More than 75% of new code at Google is now AI-generated then reviewed and accepted by engineers. Not autonomous. Not unsupervised. But the first draft of most software at one of the world’s largest engineering organizations now comes from a machine.
Around the same time, Veracode published something less discussed. Testing 150+ AI models on security-sensitive coding tasks, they found models still introduce common, well-known vulnerabilities at a significant rate despite dramatic improvements in coding capability over the same period.
Put those together and the real story emerges. It’s not “AI writes insecure code.” That’s old news.
It’s this: AI has removed the cost of writing software. It has not removed the cost of owning it.
Writing was never the expensive part. Owning is. Owning means explaining the code when an auditor asks. Securing it before your customer’s procurement team tests it for you. Scaling it past the first 10,000 users.
Observing it well enough to catch the incident before the angry email. Recovering it at 2 AM. Evolving it for years without it collapsing under its own weight.
I use AI in my development loop every day, on a platform with 170+ database models and 100+ modules. It has made us faster than I thought possible. But every ownership discipline in that codebase the architecture decisions, the review gates, the “understand what exists before you generate something new” rules a human fought for. Usually after something broke.

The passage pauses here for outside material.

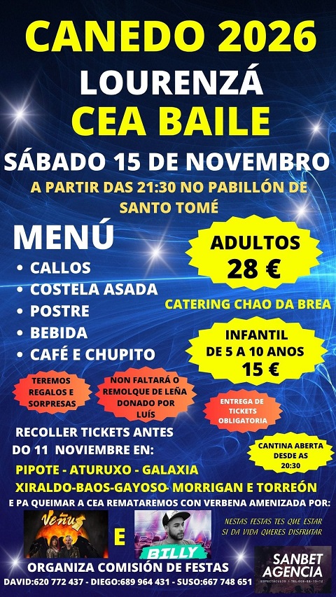 A comisión das festas de Canedo, no municipio de Lourenzá, de 2026 organiza unha cea baile para recadar fondos destinados aos festexos. Será o 15 de novembro, sábado, no pavillón de Santo Tomé desde as 21:30 horas.

M&A due diligence has already caught on. The questions acquirers ask have changed:
- How much of this codebase is AI-generated?
- What review process exists?
- Can your team explain why your own code works?
- Five years ago, investors asked: “Can your team build this?”
- Today they ask: “Can your team operate it?”
Because anyone can generate code now. Very few teams can explain it, secure it, scale it, observe it, recover it, and evolve it.
AI didn’t eliminate engineering. It increased the value of engineering discipline.